Having taken orders in the Established Church, he received several minor "livings"  in Ireland and traveled back and forth between the two countries on various missions in behalf of the Church of Ireland. The next phase of his career is of little importance for our purposes. For some time he did pamphleteering for the Whigs, and later for the Tories, who in 1713 made him Dean of St. Patrick's in Dublin to his great disappointment, since he had hoped for preferment in England. With the demise of the Tory ministry after the death of Queen Anne in 1714 (see n. 2 to "Proposal," below), his hopes for further advancement faded forever. He was then 46, and except for two brief trips to England in the next decade, he was to spend the remainder of his 77 years in Ireland.

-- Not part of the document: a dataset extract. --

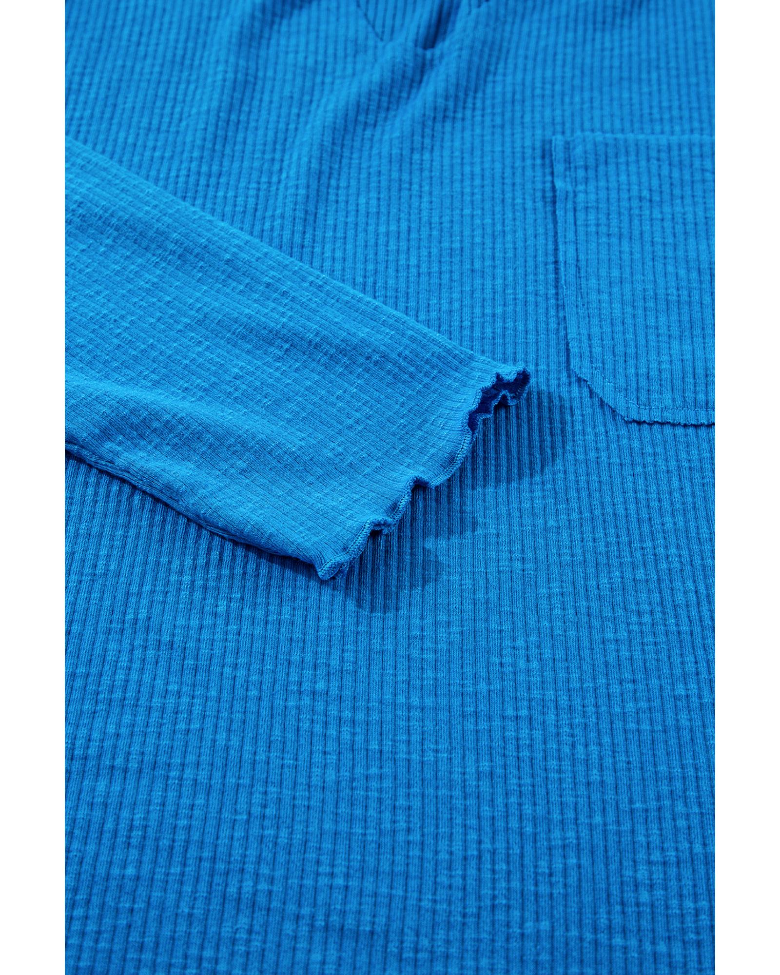 Blue Ribbed Exposed Seam Knit V Neck Long Sleeve Top – XL

But shortly before his departure from England in mid-1713, he, Alexander Pope, Congreve, John Gay (who in 1728 would stage his "Beggar's Opera") and others formed the Scriblerus Club, originally dedicated to writing the imaginary adventures of an arch-fool, one Martinus Scriblerus--a project which, they thought, would give them ample scope for exposing the follies and corruptions of the day. Not much came of Martin's memoirs, but it was probably during these discussions that Swift conceived the germinal ideas that eventually developed into Gulliver's Travels, which was largely written between 1723 and 1725, and published the next year in London, where several of the old Scriblerus group put some finishing touches top the masterpiece, even devising for it an outer shell of bogus editorial paraphernalia, purporting to describe how the manuscript came into the publisher's hand, etc.

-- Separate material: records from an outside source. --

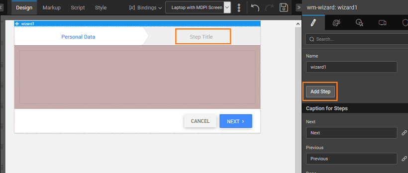 - Content: The content can only be an inline content which means that you have to design each step of the wizard like you design every page in WaveMaker. You cannot use partial content in any step of the wizard.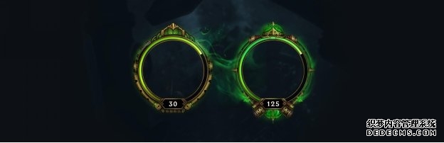 我们的解决方案仍然是利用色彩阶段系统,但要内置一个重置系统,达到特定的里程碑后将回归最低阶段的颜色,然后再度成长。这给高等级留出了我们希望的空间,同时又保留了成长系统清晰的视觉指示。为了确保在当前色彩阶段中不会滞留太久,每100级会复位一次。除了第一次的等级成长(从30级开始,50级变色)之外,每25级会成长一次。 利用主题作为成长指示 虽然现在我们有了明确的通过颜色来展示阶段的方法,但是我们仍然需要解决如何让下个阶段的绿色比上一个更好看。为了解决这个问题,我们浏览了英雄联盟的宇宙来寻找能够应用于这个色彩阶段系统,并能够帮助区分同阶段颜色的视觉元素。我们对利用了游戏的元素,符文大陆本身,甚至皮肤主题系列都进行了大量的探索。通过这些探索,我们发觉可以对成长系统的边框进行点缀,只要那几个核心物品保持原位就行: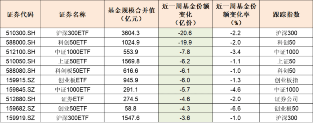 此外,中证1000、中证500、科创50等相关ETF在近一周和近一个月均有不少资金出逃。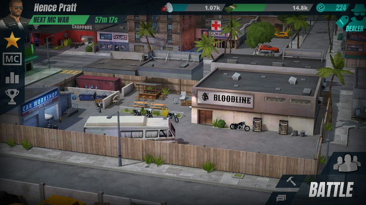 You can team up with other players to form a motorcycle club (MC) and create your own cool MC logo. You can assign ranks and tasks to your brothers and sisters. Decide on a strategy when you go to war against an opposing club and become the most respected MC in town!

But we are ahead of ourselves, for Swift's masterpiece was a long way off when he reluctantly returned to Ireland and proceeded practically to hibernate for 6 years--he was both seeking public obscurity as a protection against the scurrilities and vilifications of the Whig laity (their long-awaited revenge for his own anonymous libels) and struggling to maintain the powers attached to his office against the intrigues of the Whiggish Archbishop of Dublin. He was also composing several memoirs which he hoped might someday vindicate the ministry of his Tory friends, one of who was in exile, the other in prison on a charge of treason for having conspired with the Pretender  just before the death of the Queen (Swift knew nothing of this intrigue while it occurred and could never be brought to believe the charges.)

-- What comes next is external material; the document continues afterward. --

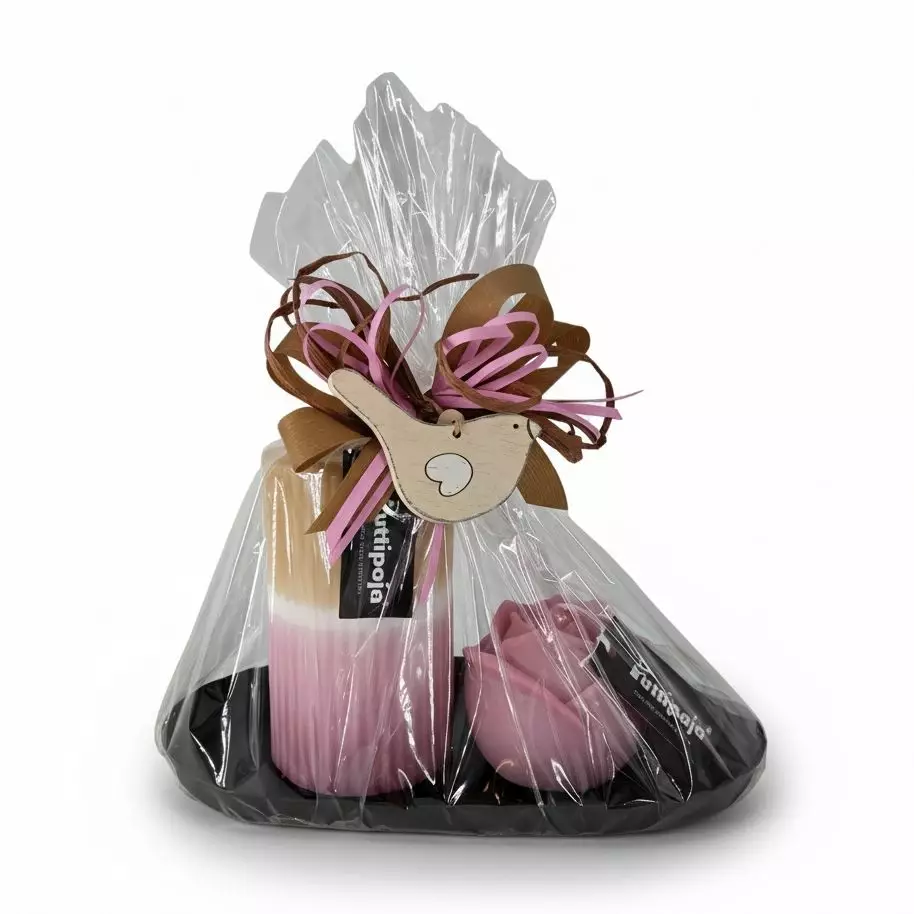 Ihastuttava lahja valmiiksi paketoituna - kuinka kätevää! Kynttilälahja on pakattu sellofaaniin ja se on viimeistelty kauniilla nauhoilla.

By 1720, however, it was impossible to continue living in the past and shortly after the passage of the Declaratory Act (which clearly defined Ireland's dependent status and deprived its House of Lords of appellate jurisdiction), Swift brought out A PROPOSAL for the universal Use of IRISH MANUFACTURE...UTTERLY REJECTING AND RENOUNCING Every Thing wearable that comes from ENGLAND, which was promptly labeled "false, scandalous and seditious" by the English government in Ireland, which ordered the arrest of the printer, who eventually escaped heavy punishment when the jury returned nine successive verdicts of innocent to the Chief Justice, who repeatedly refused to accept the result of their deliberations until the jury threw him in confusion by throwing the decision in his own lap. Though his authorship of the tract soon became an open secret, Swift was spared similar harassment because of his technical anonymity. Henceforth his would be the most cutting and penetrating voice raised against English political tyranny and economic exploitation in Ireland.
His most famous venture was a series of letters written from 1722 to 1725 under the pseudonym of L. P. Drapier against the introduction into the country of "Wood's halfpence," which not only insulted nearly everyone in Ireland by the arrogant fashion in which it was imposed upon the country, but threatened to flood the country with 10 (later 2) times as much copper currency as the situation required and, by virtue of the too low intrinsic value of each coin (30 instead of 23 pence per pound of copper), to accelerate the already alarming depletion of Ireland's gold and silver specie. Economists calculated that Ireland would lose £60, 480 under the initial terms of the proposed issue.  Furthermore, this particular mintage would be extraordinarily vulnerable to counterfeiting; nor were there any safeguards to insure that the iron master would respect even the disastrous terms of his patent--which, moreover, he had purchased from the King's mistress (to whom it had originally been granted) for the sum of £10,000, a consideration that led the Irish to wonder what kind of profit he must have had in mind in order to gain a "suitable" return on his investment. Unlike his proposal for a boycott on English goods, these protests met with success. For over 3 years the country displayed the single instance of cooperation among its several factions (see the section on "Conditions in Early Eighteenth Century Ireland"); the government offered £300 reward for the author of the Drapier Letters; no Irishman would dare to accept the new coins. Finally Walpole, the English Prime Minister, was forced to buy back Wood's patent for £24,000. And throughout this entire controversy Swift was composing Gulliver's Travels.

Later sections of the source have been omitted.